The Court, I submit, fails to appreciate that whether the automatic rate based on the three-percent standard is an excessive one is a highly technical matter calling for the application of the Commissioner’s special expertise. We have explained the complexities and intricacies of the Reform Act, which provides the context for the Commissioner’s authority to modify the flex rate. See State Farm Mut. Auto. Ins. Co. v. State, 124 N.J. 32, 590 A.2d 191 (1991). The statutory scheme assures the Commissioner broad powers to achieve the competing goals of the Reform Act. Ibid.; see In re: Twin City Fire Ins. Co., 129 N.J. 389, 609 A.2d 1248 (1992).
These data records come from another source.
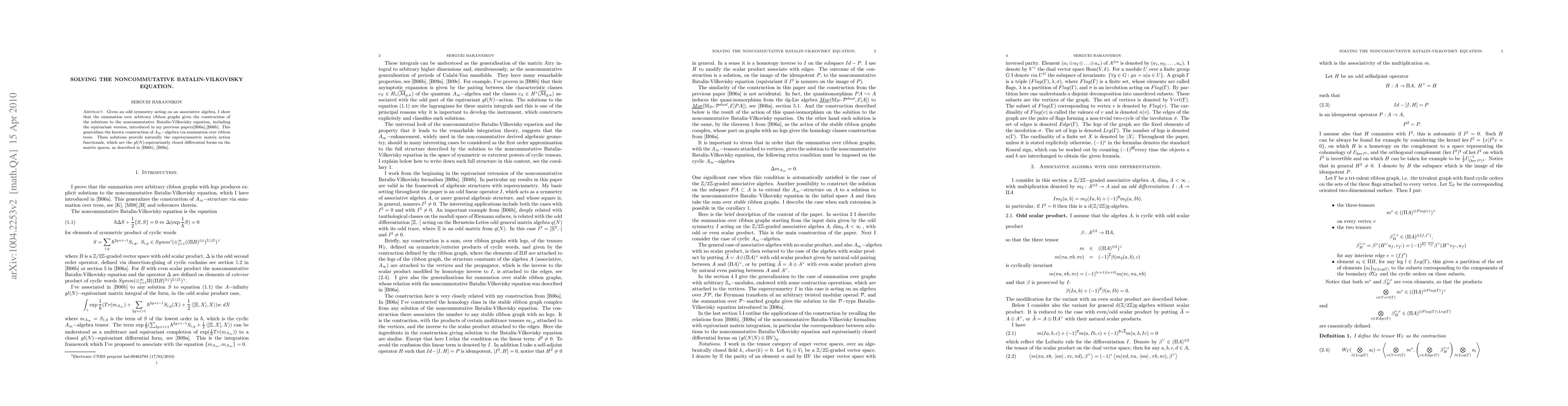 The paper provides a new method to solve the noncommutative Batalin-Vilkovisky equation using summation over ribbon graphs with legs, generalizing the known construction of A-infinity algebra.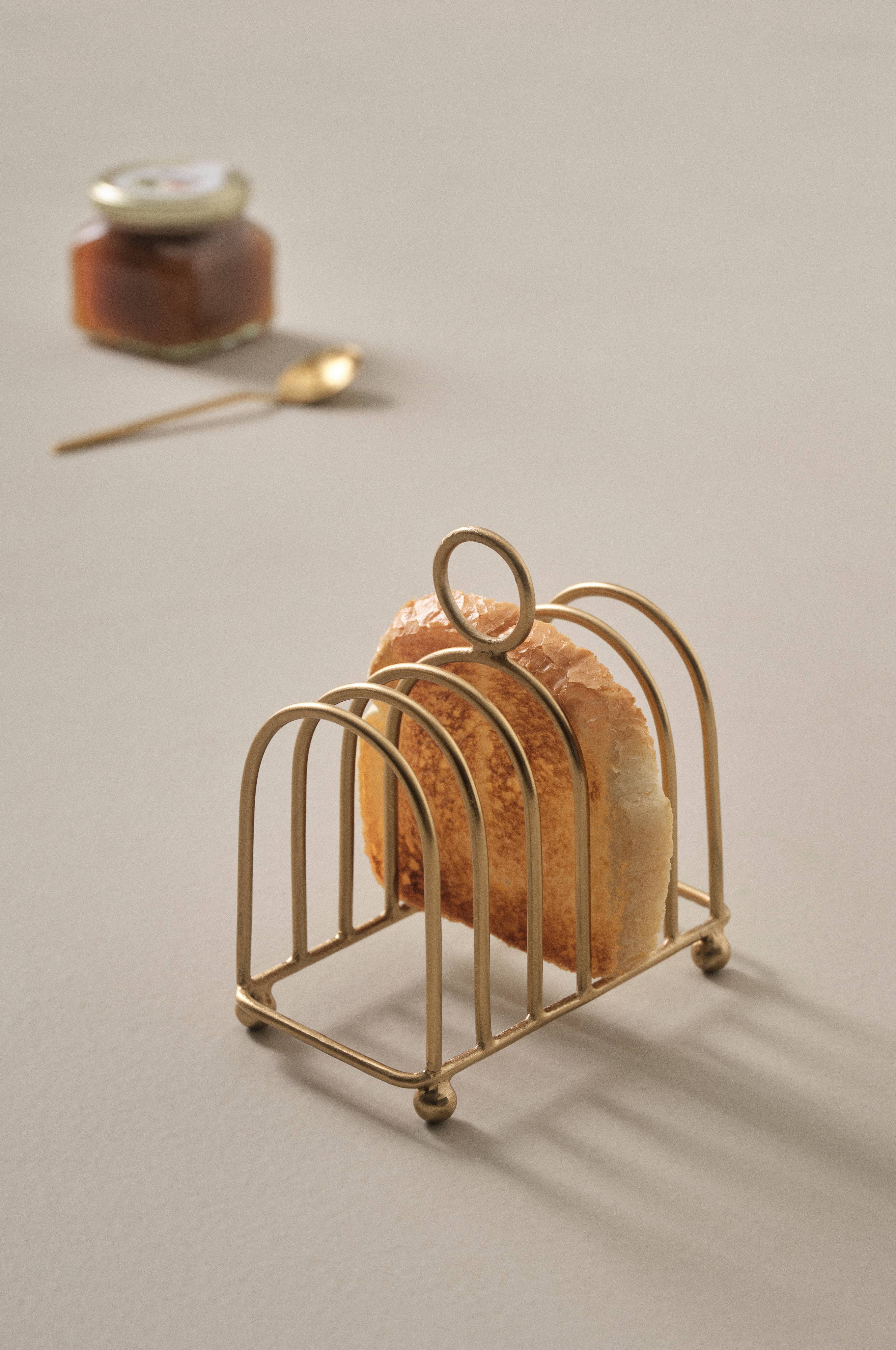 Stojak na tosty wykonany z żelaza o przyjemnym ciężarze i charakterze. Stojak na tosty mieści sześć kromek i nadaje nakrytemu do śniadania stołowi cudownie klasycznego charakteru. Dzięki drobnym, okrągłym nóżkom chleb nie dotyka powierzchni blatu. Z pierścieniem u góry z łatwością uniesiesz opieczone kromki do góry zapraszając tym innych do stołu. Powierzchnia metalu jest platerowana na kolor złoty.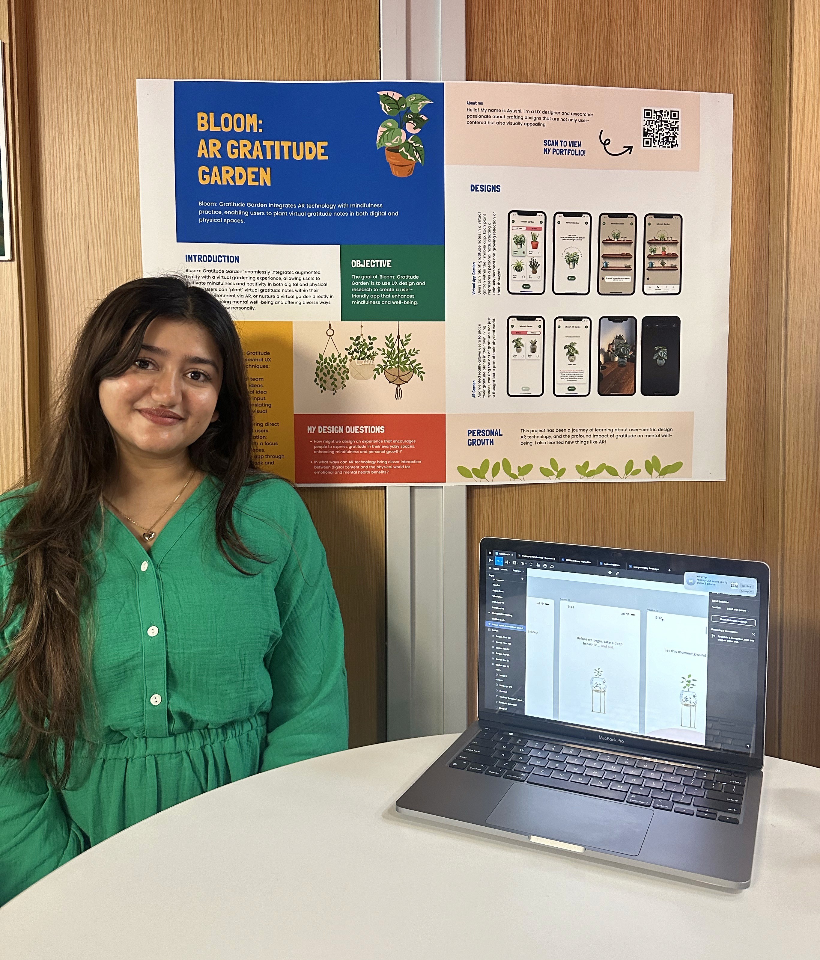 At the University of Miami I did not just study UX. I studied game design, front-end development, and interactive media, everything that sits at the edge of technology and art. I graduated with Bloom, an AR gratitude garden that won Best UI/UX at the annual showcase. Now based in Seattle, I work with early-stage startups building AI products from the ground up. Still the same itch to create. Just a bigger canvas.
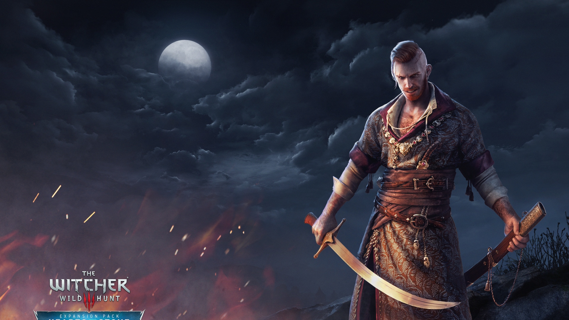 Description: A man holding a sword in front of a dark sky with a full moon in the background and a fire burning behind him.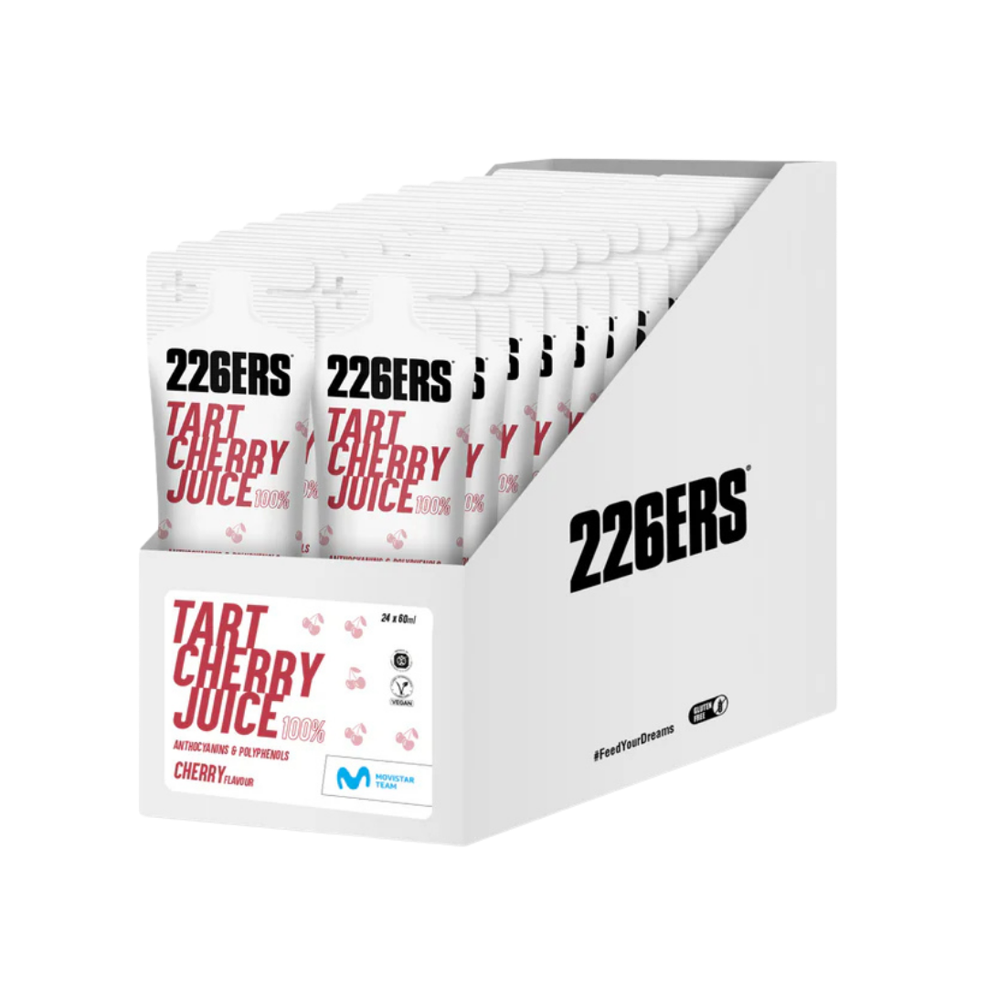 Concentrado de zumo de cereza ácida (Prunus cerasus), con un aporte natural de compuestos fenólicos antioxidantes, entre los que destaca el contenido en polifenoles y antocianinas, con un aporte de 27,5g de hidratos de carbono.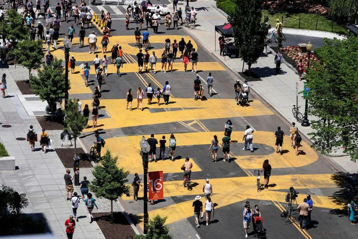 上周,华盛顿特区市长穆里尔·鲍泽(Muriel Bowser)让人在通往白宫的街道上用黄色大字画上了 “Black Lives Matter”,还将拉斐特公园( Lafayette Park)前的广场指定为“黑人生命也重要”广场。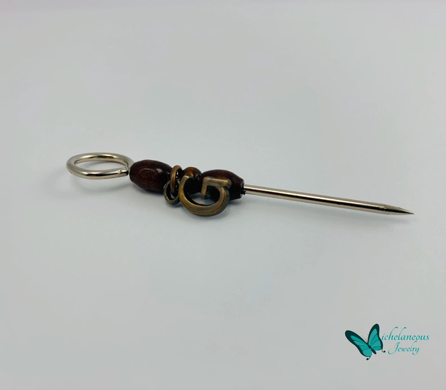 Handy cigar holder with wooden beads and your choice of one initial on a steel nickel plated poker.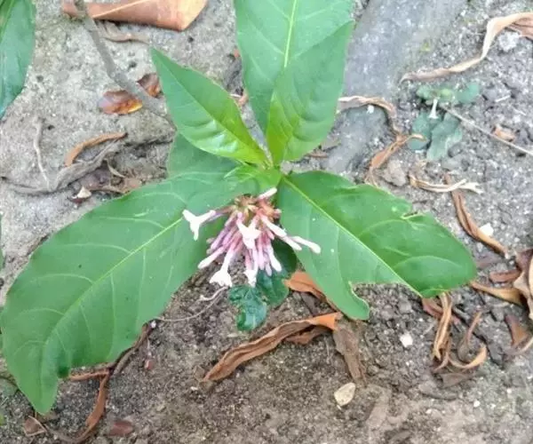 药材性状:本品全体长10cm~20cm,少有长30cm者。茎圆柱形,基部节上具少数须根,幼枝具棱,红色。叶对生,红色或淡红紫色,多皱缩,展开后呈狭卵形、卵形或长椭圆状卵形,长2.5cm~8cm,宽1.5cm~3.2cm,具长1cm~3cm的纤细叶柄。聚伞花序顶生,总梗长2cm~5cm,二歧分枝,分枝短;花冠筒状漏斗形,5裂。蒴果扁倒三角形,状似菱角,红紫色。气无,味淡。以枝条粗壮、叶多、色淡红紫色者为佳。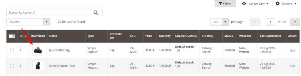 - Accedi al pannello Admin Magento 2.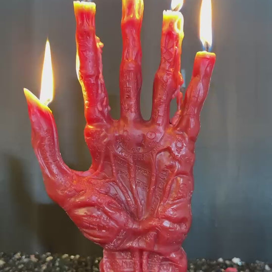 Reignite the fire — with this ritual red candle in the shape of a hand.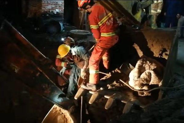 由于井内结构倾斜、地基松软,随时都有可能再次垮塌,长时间救援被困者体力透支严重,营救工作困难重重。20时16分,救援指挥部研究决定采取兵分三路、攻坚施救。第一组固定好牵引绳,防止被困人员下坠,等时机成熟,迅速收紧绳索上拉救援人员。第二组救援人员站在挖掘机斗内观察被困工人情况,稳定其情绪。同时利于塑料桶、绳索配合井下被困者往井上方向清云泥土、砂石。第三组在水井下方开展救援工作,井下方救援工作进展非常艰难,非常危险,救援人员几次险些被井上面松落的砖块砸中。由于作业面下狭小,在利用挖掘机斗作为安全掩护,救援人员紧爬在地上,轮番上阵采用小锄头、小铲子和双手刨的方式将压在被困工人身下位置的沙土一点一点往外清出。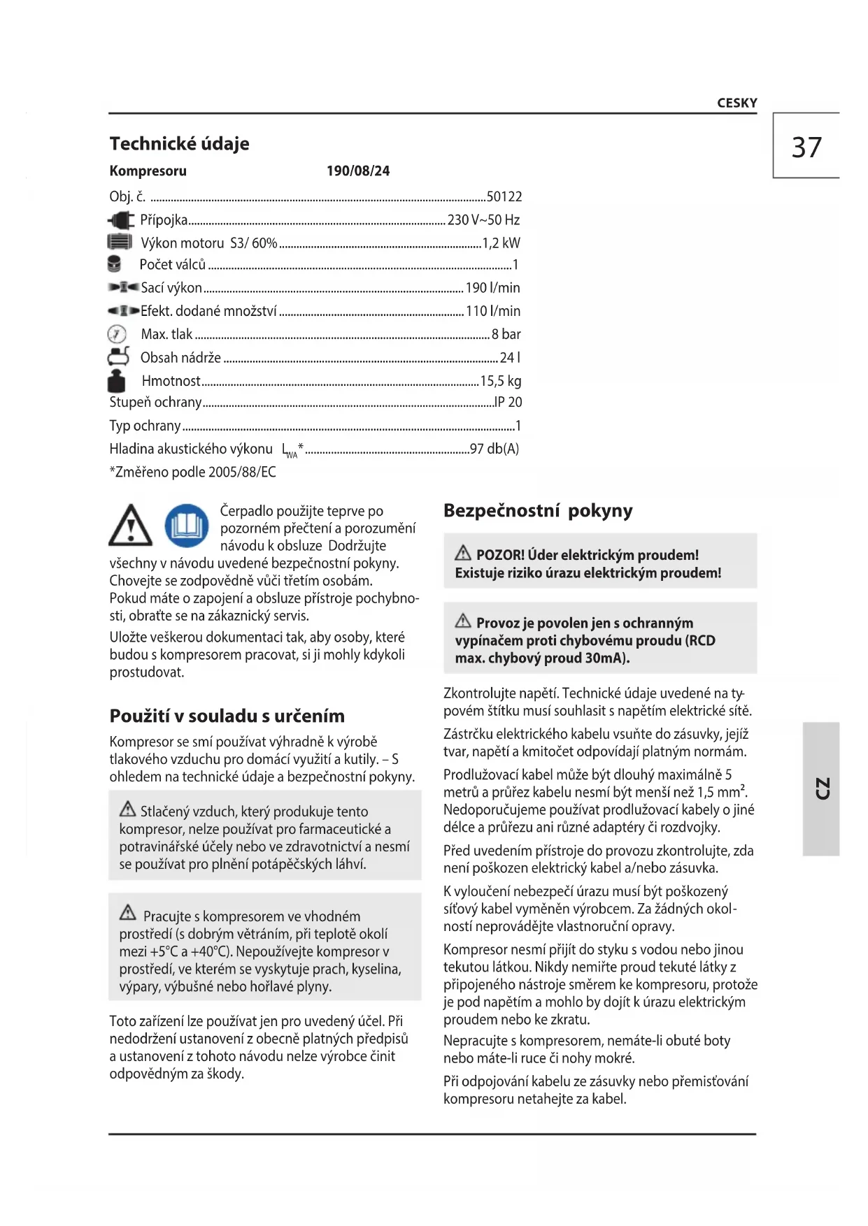ností neprovádějte vlastnoruční opravy. Kompresor nesmí přijít do styku s vodou nebo jinou tekutou látkou. Nikdy nemiřte proud tekuté látky z připojeného nástroje směrem ke kompresoru, protože je pod napětím a mohlo by dojít k úrazu elektrickým proudem nebo ke zkratu. Nepracujte s kompresorem, nemáte-li obuté boty nebo máte-li ruce či nohy mokré. Při odpojování kabelu ze zásuvky nebo přemisťování kompresoru netahejte za kabel. Technické údaje Kompresoru 190/08/2438 teploty, tato ochrana by automaticky přerušila přívod elektrického proudu. Po návratu na normální teplotu se motor spustí automaticky. Pozor! Kompresor nikdy nezapínejte resp. nevypínejte pomocí zástrčky. Vždy stiskněte tlakový spínač. Kompresor nenechávejte zapnutý přes noc, mohl by se stát zdrojem nebezpečí. Na konci pracovního dne vypněte vždy na zapínači/ vypínači, vypusťte vzdušník a kompresor odpojte ze sítě. Pozor: nevypuštěná kondenzovaná voda může být příčinou koroze uvnitř nádrže a omezit tak její výkonnost a ohrozit bezpečnost. Nenechávejte kompresor vystavený atmosférickým vlivům (déšť, slunce, mlha, sníh). Pokud budete kompresor používat venku, nezapomeňte je po použití vždy uložit na kryté nebo uzavřené místo. Kompresor nikdy nepoužívejte venku v dešti nebo za jiných nepříznivých meteorologických podmínek. Do blízkosti kompresoru nebo na kompresor nepo

The statute, in my opinion, *389leaves to the expertise of the Commissioner and his staff the determination of whether adjustment of the increases produced by the CPI component, the three percentage point component, or both components, is necessary to ensure that the formula does not produce an excessive rate level. Deference should be given to the expertise of the Commissioner and his staff in this regard. Abbott v. Burke, 100 N.J. 269, 301, 495 A.2d 376 (1985); Bergen Pines Hosp. v. Department of Human Servs., 96 N.J. 456, 474, 476 A.2d 784 (1984); Emmer v. Merin, 233 N.J.Super. 568, 581, 559 A.2d 845 (App.Div.1989).
I would reverse the judgment below.
For affirmance in part; for reversal in part — Chief Justice WILENTZ, and Justices CLIFFORD, POLLOCK, O’HERN, GARIBALDI and STEIN — 6.
For reversal — Justice HANDLER — 1.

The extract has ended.